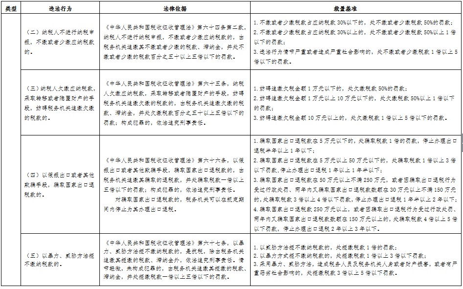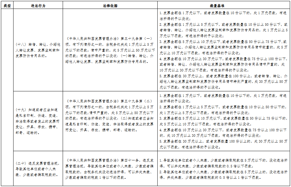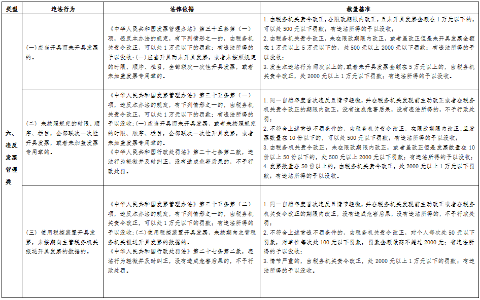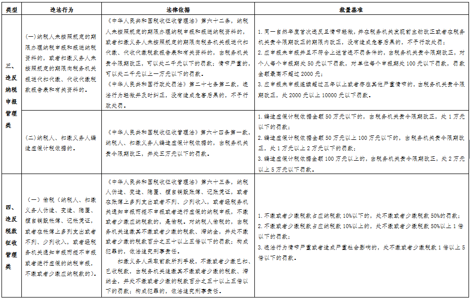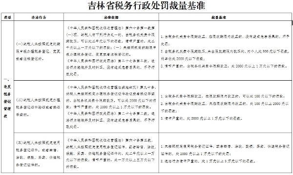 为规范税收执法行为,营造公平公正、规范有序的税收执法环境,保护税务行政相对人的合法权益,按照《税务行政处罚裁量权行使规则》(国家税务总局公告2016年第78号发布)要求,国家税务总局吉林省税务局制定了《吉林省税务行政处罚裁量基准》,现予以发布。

◇ ◇ ◇ ◇ ◇ ◇ ◇

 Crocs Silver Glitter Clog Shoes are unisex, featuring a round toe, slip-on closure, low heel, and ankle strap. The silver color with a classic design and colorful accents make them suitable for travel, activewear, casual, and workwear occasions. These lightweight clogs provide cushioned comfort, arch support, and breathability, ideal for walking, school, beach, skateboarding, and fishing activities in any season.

◇ ◇ ◇ ◇ ◇ ◇ ◇

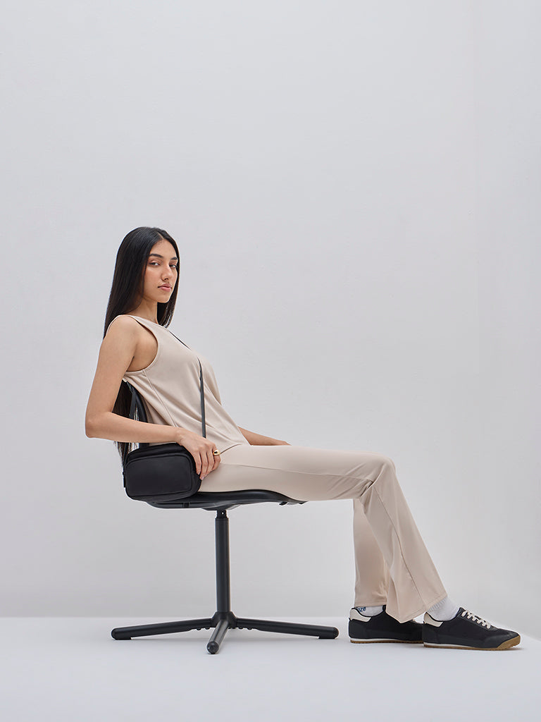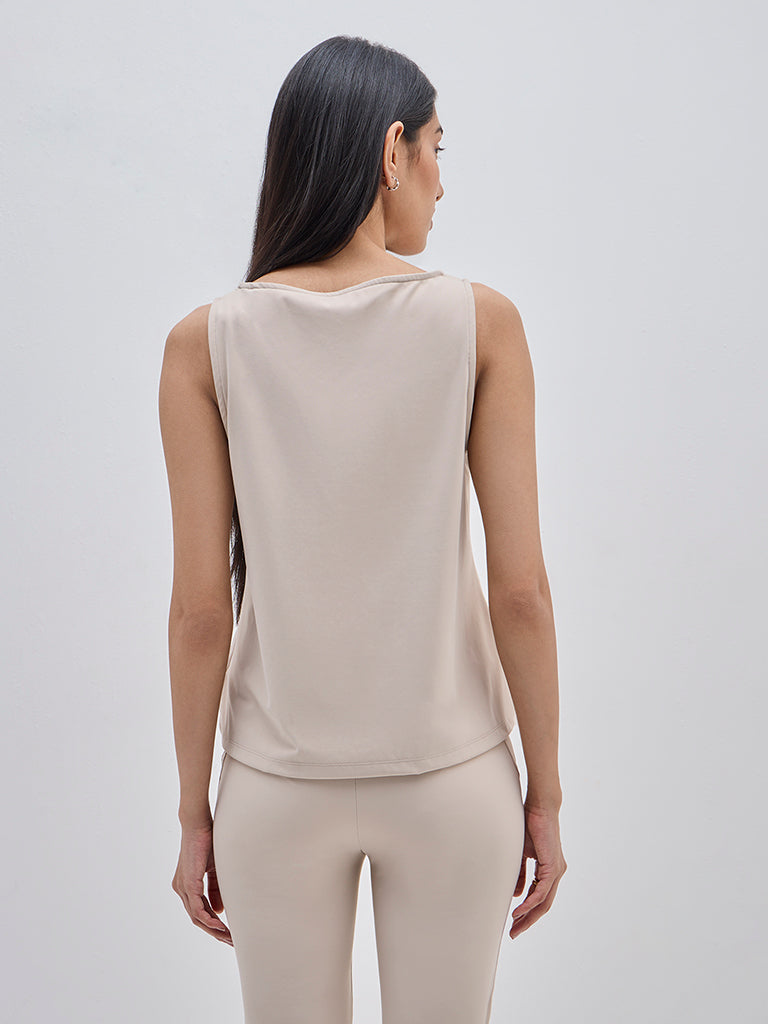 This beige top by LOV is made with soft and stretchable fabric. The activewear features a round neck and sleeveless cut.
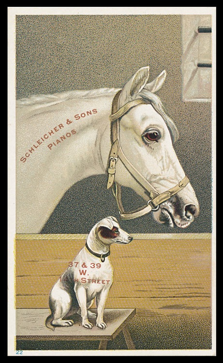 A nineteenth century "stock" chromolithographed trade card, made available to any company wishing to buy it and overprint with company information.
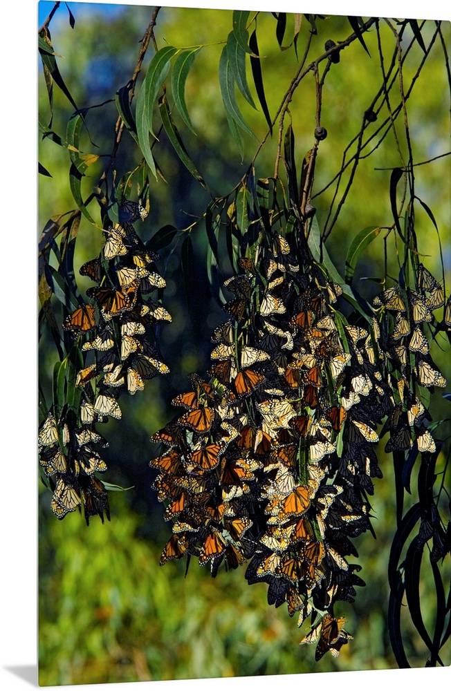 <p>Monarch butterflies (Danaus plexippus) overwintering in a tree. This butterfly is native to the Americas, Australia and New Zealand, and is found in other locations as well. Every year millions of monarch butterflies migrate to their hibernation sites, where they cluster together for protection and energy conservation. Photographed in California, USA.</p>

◇ ◇ ◇ ◇ ◇ ◇ ◇

What is required
In the listing above, find the line containing "This beige top" and the line containing "A nineteenth century". Print those two lines and every line between them exactly, with no pictures.

Response to this exercise
 This beige top by LOV is made with soft and stretchable fabric. The activewear features a round neck and sleeveless cut.
 A nineteenth century "stock" chromolithographed trade card, made available to any company wishing to buy it and overprint with company information.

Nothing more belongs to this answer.